Exercise: Pictures aside, please retype the whole listing word for word.

Listed records:

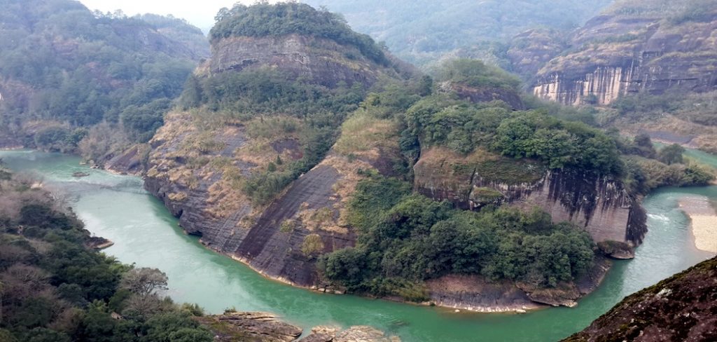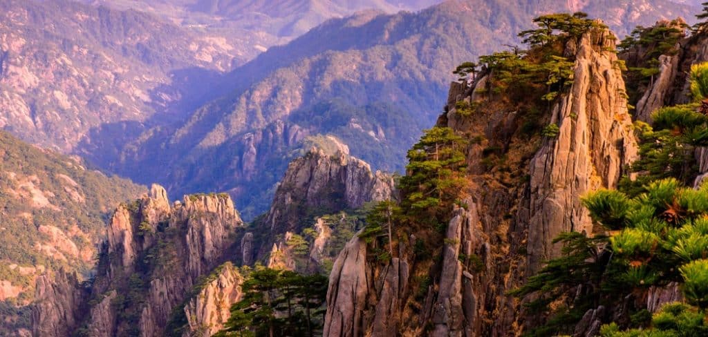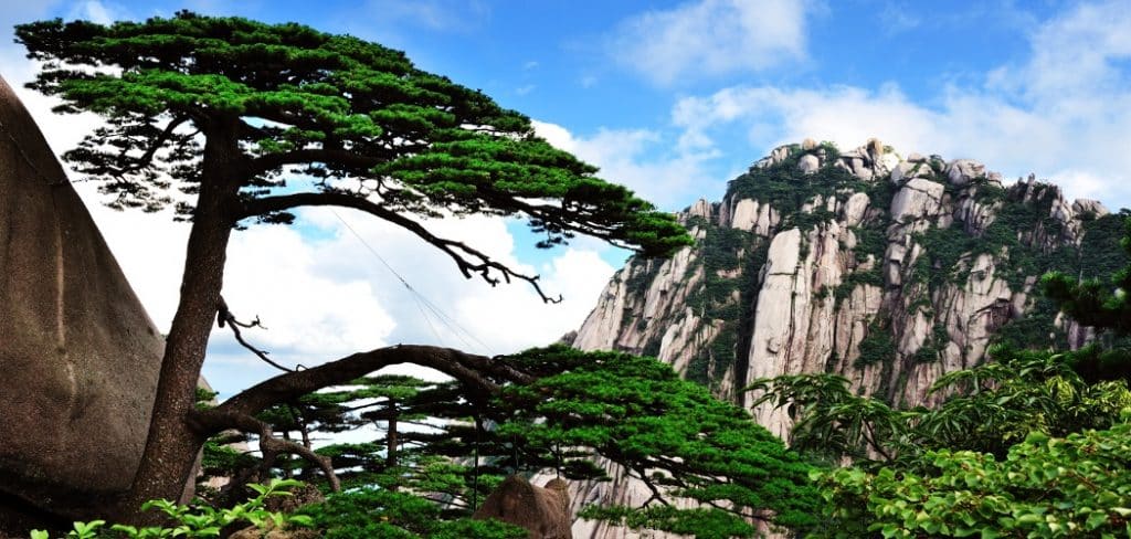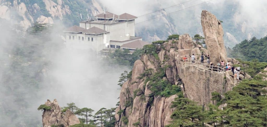Au sommet du Mont Huangshan vous trouverez des sentiers de randonnée mais aussi des promenades qui montent ou descendent vers différents pics. Le panorama se déploie sur de vastes vallées de granit et d’énormes formations rocheuses surmontées de pierres défiant les lois de la pesanteur et d’innombrables pins noueux du Huangshan.
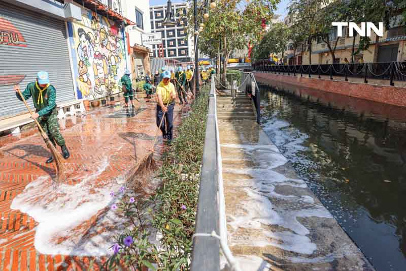 พร้อมเทน้ำหมักชีวภาพเพิ่มจุลินทรีย์ในแหล่งน้ำ ตัดแต่งกิ่งไม้และต้นไม้ ทาสีขอบทางเท้า เช็ดทำความสะอาดป้ายชื่อถนน ป้ายชื่อซอย รั้วราวเหล็ก จัดระเบียบสายไฟฟ้าและสายสื่อสาร ฉีดล้างทำความสะอาดสะพานดำรงสถิต ทางเท้าถนนเจริญกรุง และพื้นที่โดยรอบซุ้มประตูเฉลิมพระเกียรติ 72 พรรษา 28 กรกฎาคม 2567 เพื่อปรับปรุงภูมิทัศน์ให้มีความเป็นระเบียบเรียบร้อย พัฒนาสภาพแวดล้อมให้มีความสะอาดและสวยงาม
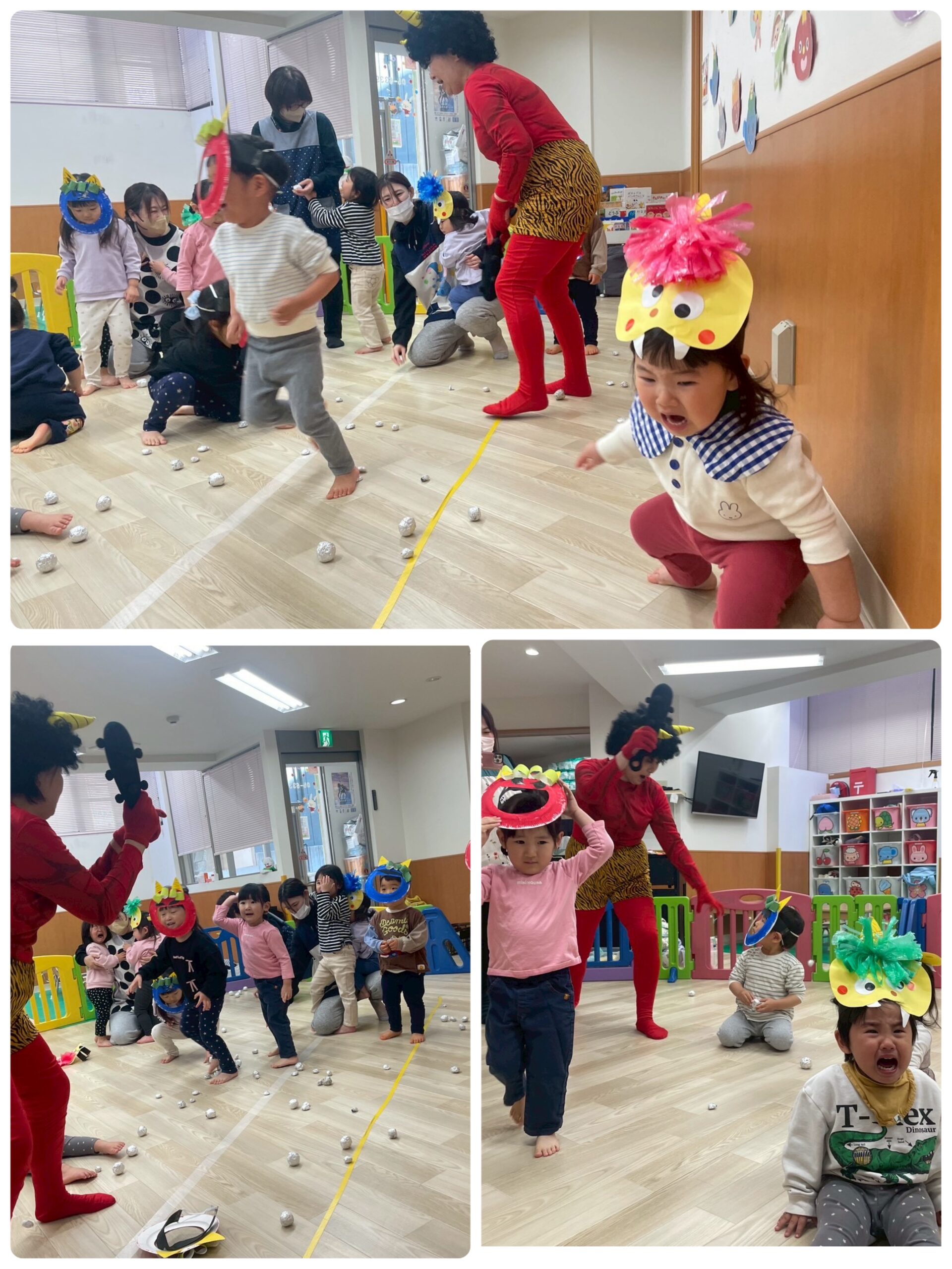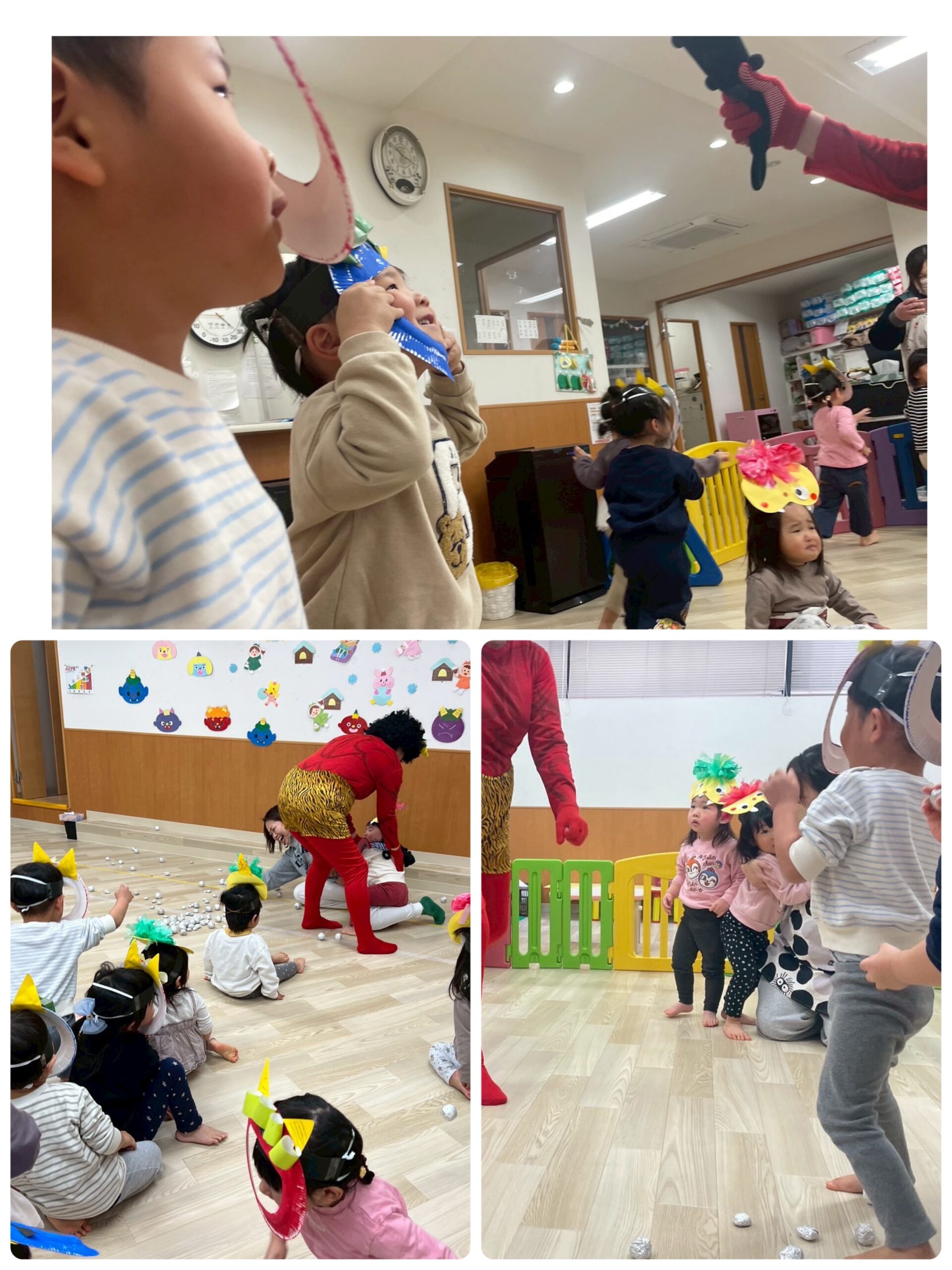 今日はみんなが待ちに待った?節分です! 先生から節分のお話しを聞いて、豆まきの歌をうたって🎵 いつ鬼が来ても大丈夫なように豆を投げる練習もしましたよ(笑) https://azeriahoikuen.com/wp/wp-content/uploads/2026/02/HKPM2613.mp4 いよいよアゼリア保育園にも鬼がやってきました!! https://azeriahoikuen.com/wp/wp-content/uploads/2026/02/CZPM3137.mp4 鬼は勇敢なきりん組さんたちが退治してくれて一安心😁みんなの心の中の悪い鬼さんもいなくなったはず⁈ きりん組さんありがとう! 15時のおやつは果物が入った恵方ロールをいただきました!
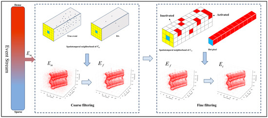 Proposed event stream denoising framework based on spatio-temporal density and time sequence analysis, where Em represents the unprocessed event stream, Ef represents the event stream that enters fine filtering after coarse filtering, and Ec represents the processed event stream. Blue for newly arrived events, yellow for their spatial neighborhoods, and red for pixels activated.
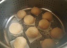 蒸し器にキッチンペーパーを切り入れ 中火から弱火で10分蒸す
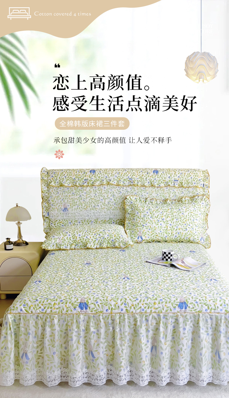 (总)十个点家纺 2025新款加厚磨毛木棉床裙三件套-绫罗系列,爱意萌萌,贝贝熊,格桑花,海棠花,蝴蝶兔,花千骨,米兰,木棉花,山茶花,同心结,心相印,心愿-米

Expected output:
Au sommet du Mont Huangshan vous trouverez des sentiers de randonnée mais aussi des promenades qui montent ou descendent vers différents pics. Le panorama se déploie sur de vastes vallées de granit et d’énormes formations rocheuses surmontées de pierres défiant les lois de la pesanteur et d’innombrables pins noueux du Huangshan.
 พร้อมเทน้ำหมักชีวภาพเพิ่มจุลินทรีย์ในแหล่งน้ำ ตัดแต่งกิ่งไม้และต้นไม้ ทาสีขอบทางเท้า เช็ดทำความสะอาดป้ายชื่อถนน ป้ายชื่อซอย รั้วราวเหล็ก จัดระเบียบสายไฟฟ้าและสายสื่อสาร ฉีดล้างทำความสะอาดสะพานดำรงสถิต ทางเท้าถนนเจริญกรุง และพื้นที่โดยรอบซุ้มประตูเฉลิมพระเกียรติ 72 พรรษา 28 กรกฎาคม 2567 เพื่อปรับปรุงภูมิทัศน์ให้มีความเป็นระเบียบเรียบร้อย พัฒนาสภาพแวดล้อมให้มีความสะอาดและสวยงาม
 今日はみんなが待ちに待った?節分です! 先生から節分のお話しを聞いて、豆まきの歌をうたって🎵 いつ鬼が来ても大丈夫なように豆を投げる練習もしましたよ(笑) https://azeriahoikuen.com/wp/wp-content/uploads/2026/02/HKPM2613.mp4 いよいよアゼリア保育園にも鬼がやってきました!! https://azeriahoikuen.com/wp/wp-content/uploads/2026/02/CZPM3137.mp4 鬼は勇敢なきりん組さんたちが退治してくれて一安心😁みんなの心の中の悪い鬼さんもいなくなったはず⁈ きりん組さんありがとう! 15時のおやつは果物が入った恵方ロールをいただきました!
 Proposed event stream denoising framework based on spatio-temporal density and time sequence analysis, where Em represents the unprocessed event stream, Ef represents the event stream that enters fine filtering after coarse filtering, and Ec represents the processed event stream. Blue for newly arrived events, yellow for their spatial neighborhoods, and red for pixels activated.
 蒸し器にキッチンペーパーを切り入れ 中火から弱火で10分蒸す
 (总)十个点家纺 2025新款加厚磨毛木棉床裙三件套-绫罗系列,爱意萌萌,贝贝熊,格桑花,海棠花,蝴蝶兔,花千骨,米兰,木棉花,山茶花,同心结,心相印,心愿-米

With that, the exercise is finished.